Nonostante il mandato dato dai lavoratori riguardava esclusivamente il biennio salariale e non prevedeva nessuno scambio tra salario e flessibilità, la firma apposta apre alla richiesta padronale sulla flessibilità nella gestione degli orari di lavoro e nell'utilizzo ed estensione dell'apprendistato.

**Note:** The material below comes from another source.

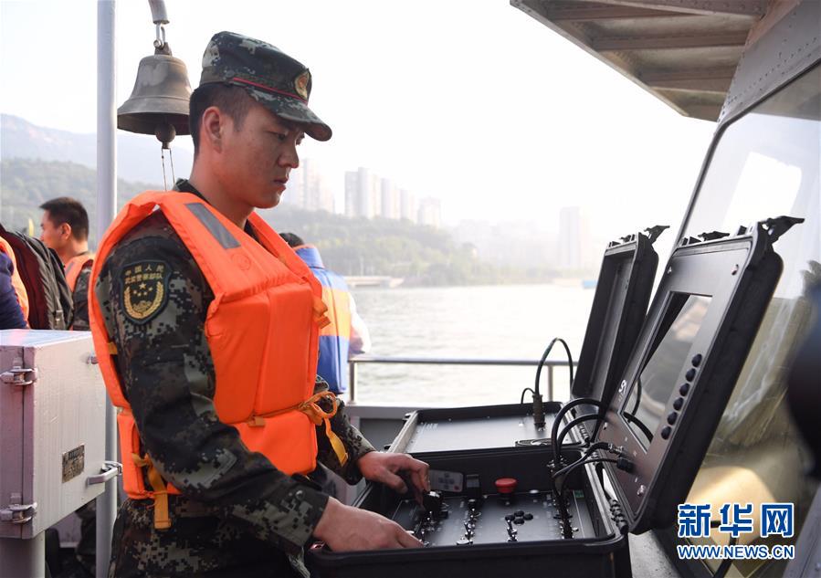10月28日,武警重庆市总队船艇支队队员在操作水下机器人系统进行搜救。

Gli esiti del referendum, svoltosi il 15, 16, 17 febbraio, sul contratto firmato da Fiom, Fim e Uilm e Federmeccanica hanno evidenziato la presenza di un largo dissenso tra i lavoratori rispetto ad un accordo che determina un ulteriore arretramento della categoria. Il referendum sull'ipotesi di contratto ha visto la partecipazione al voto di quasi mezzo milione di lavoratori su 762 mila presenti nei luoghi di lavoro in quei giorni, il 64,2 % degli aventi diritto. Malgrado l'estremo "impegno" della burocrazia sindacale riformista, il 15.74 % dei lavoratori, circa 76 mila metalmeccanici, ha espresso un parere negativo sull'accordo. La gran parte dei dissensi si sono verificati nelle fabbriche che hanno dimostrato maggiore combattività e radicalità nella lotta durante la vicenda contrattuale. E' questa la base della sinistra sindacale nella Fiom Cgil.
Sulla stessa linea dell'accordo dei metalmeccanici, ha fatto seguito l'8 febbraio, dopo 26 mesi dalla scadenza, l'ipotesi di contratto collettivo nazionale per il personale delle Regioni e delle Autonomie Locali per il biennio economico 2004-2005. Un accordo che non salvaguarda il potere d'acquisto dei salari ma approfondisce le divisioni tra lavoratori del pubblico impiego, depotenziandone la forza di rivendicazione. Alla base del contratto sottoscritto c'è il pessimo protocollo d'intesa tra governo e parti sociali firmato il 27 maggio 2005. In quel protocollo sono stabiliti incrementi retributivi a regime del 5,01% per ciascun comparto di contrattazione, di cui lo 0,5% destinato alla produttività; sono anche ribaditi criteri meritocratici per l'incentivazione della produttività; viene introdotto il tema della "mobilità" per i dipendenti pubblici.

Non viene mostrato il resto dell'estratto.